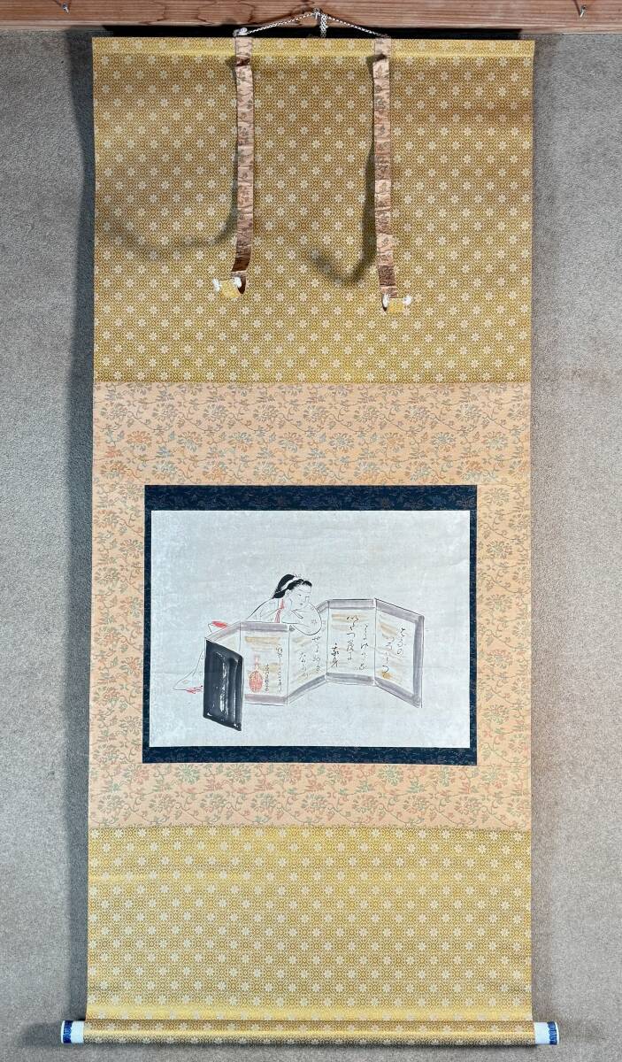 > 真作 幕末 狩野董川 法眼 在銘 「天保美人」 掛軸 鑑定箱 箱書きあり 紙本肉筆 骨董古美術コレクター収蔵品 幅62.5㎝ 高さ128.5㎝
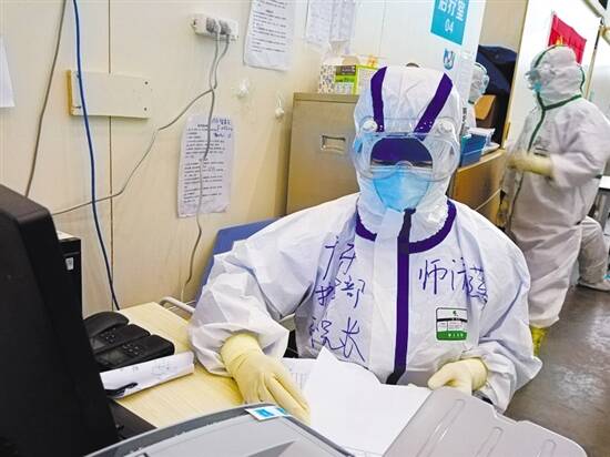 作为一名老党员和领队,我坚持进舱工作,队员都在里面,我必须勇敢面对,在舱内了解工作中存在的问题和护理人员的防护措施落实情况。只要我们所有人的心在一起,我们一起努力,一定可以打赢这场疫情阻击战。
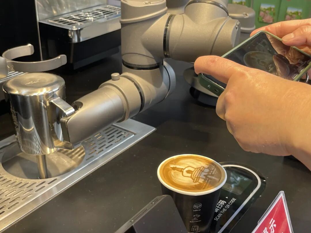 华熙LIVE·五棵松广场的同款太空舱机器人,除了售卖零食、饮料、文创商品外,还负责运送机械臂制作的现磨咖啡。现场同样配备了工作人员。记者下单体验后看到,机器人将咖啡送至柜台时,工作人员会立刻上前扶稳杯身,防止机器人动作过猛,将咖啡洒出。
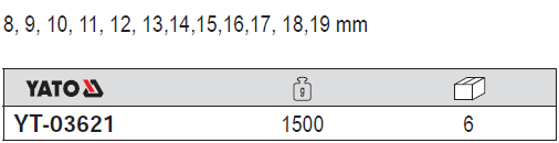 Bộ cờ lê vòng miệng hệ mét YT-03621 là sản phẩm mang thương hiệu Yato, được sản xuất theo tiêu chuẩn Ba Lan .
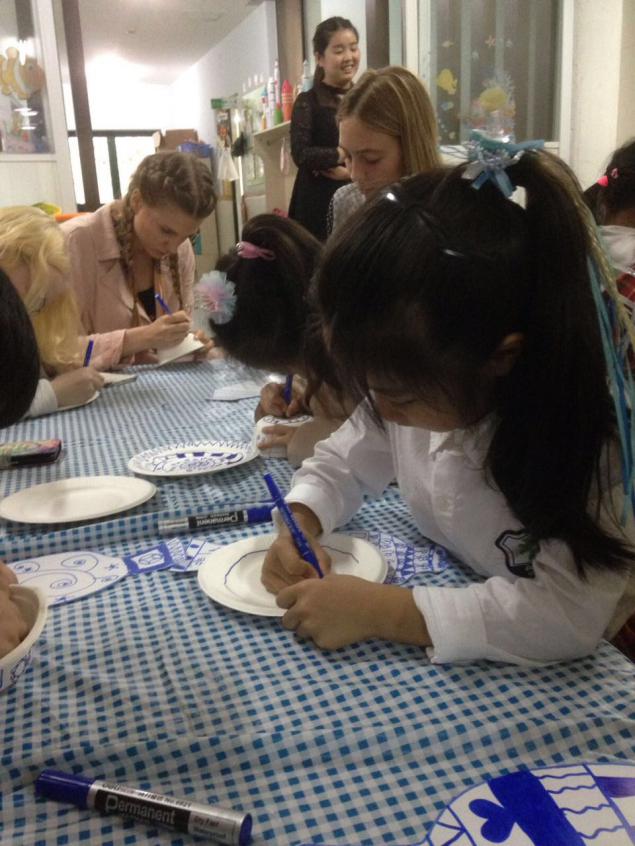 图二:为学生在幼儿园内组织活动,绘制青花瓷图案
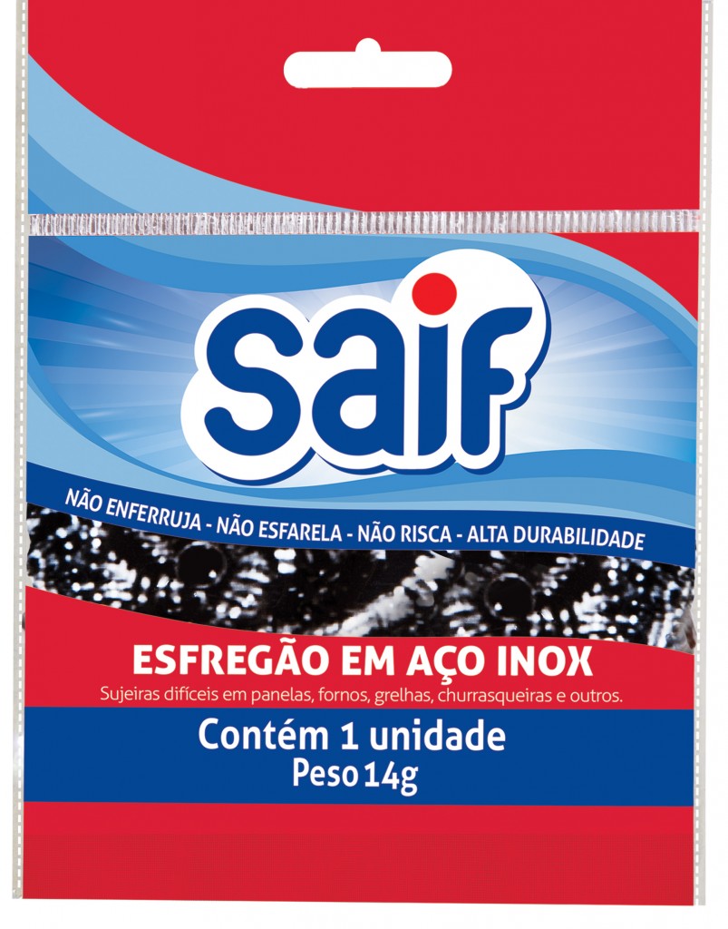 Finalidade: Esponja de Aço Saif foi desenvolvida para dar brilho em alumínio e similares, não risca alumínio e inox, não dissolve, seca rápido, não enferruja, não retém germes e sua validade é indeterminada.
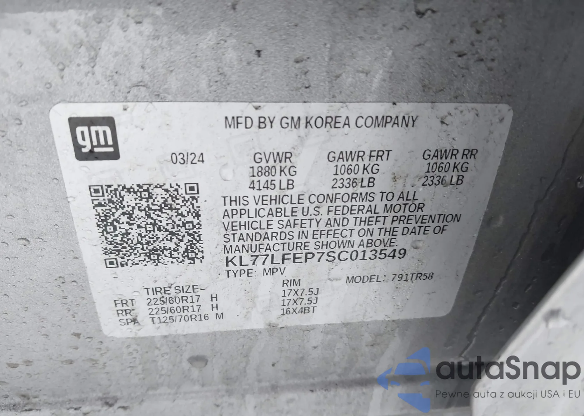 • VIN KL77LFEP7SC013549
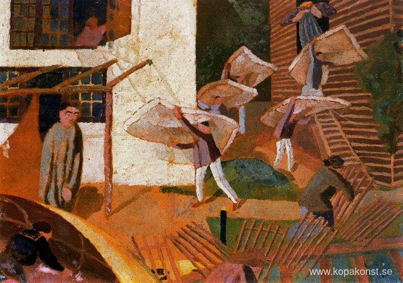 Vi erbjuder dig en hantverksmässig reproduktion på duk av det berömda konstverket 'Bärande madrasser' av Stanley Spencer, från Reproduktionsmuseet.
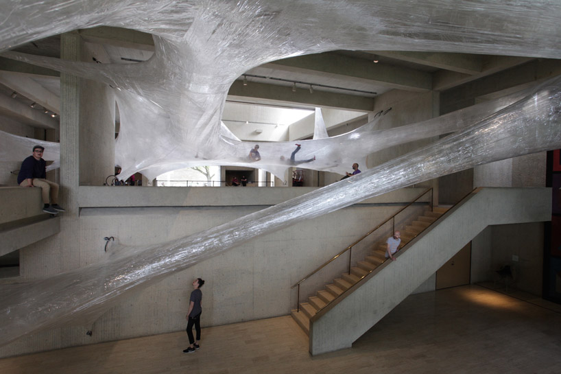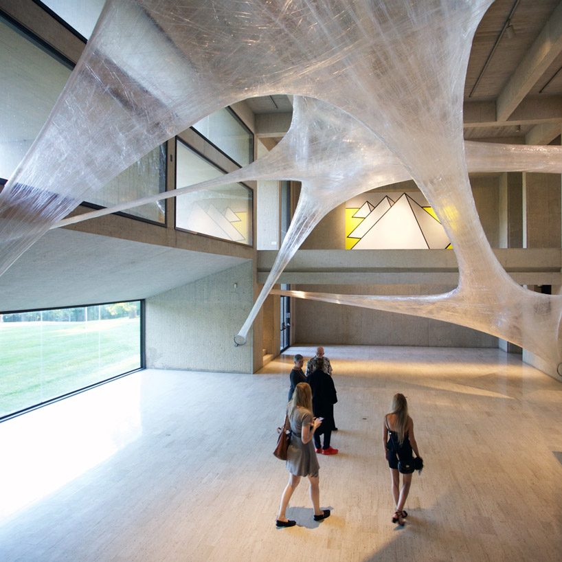 通過運用膠帶這種既新奇又普遍的材料,創作出大型的裝置作品,本次展覽希望探索線條和空間的概念。對來自維也納和薩格勒布的的numen/for use來說,他們對des moines藝術中心野獸派的建筑表面和富有表現力的幾何圖形非常感興趣,于是在貝聿銘畫廊里創作了這個輕便、半透明的裝置作品,和四周冰冷的建筑空間形成了強烈的對比。

──────

_What is being asked_. What is needed is an exact copy of the lines from the start of the listing above through the line that holds "图二:为学生在幼儿园内组织活动,绘制青花瓷图案", with the pictures left out.

_Task output_.
 > 真作 幕末 狩野董川 法眼 在銘 「天保美人」 掛軸 鑑定箱 箱書きあり 紙本肉筆 骨董古美術コレクター収蔵品 幅62.5㎝ 高さ128.5㎝
 作为一名老党员和领队,我坚持进舱工作,队员都在里面,我必须勇敢面对,在舱内了解工作中存在的问题和护理人员的防护措施落实情况。只要我们所有人的心在一起,我们一起努力,一定可以打赢这场疫情阻击战。
 华熙LIVE·五棵松广场的同款太空舱机器人,除了售卖零食、饮料、文创商品外,还负责运送机械臂制作的现磨咖啡。现场同样配备了工作人员。记者下单体验后看到,机器人将咖啡送至柜台时,工作人员会立刻上前扶稳杯身,防止机器人动作过猛,将咖啡洒出。
 Bộ cờ lê vòng miệng hệ mét YT-03621 là sản phẩm mang thương hiệu Yato, được sản xuất theo tiêu chuẩn Ba Lan .
 图二:为学生在幼儿园内组织活动,绘制青花瓷图案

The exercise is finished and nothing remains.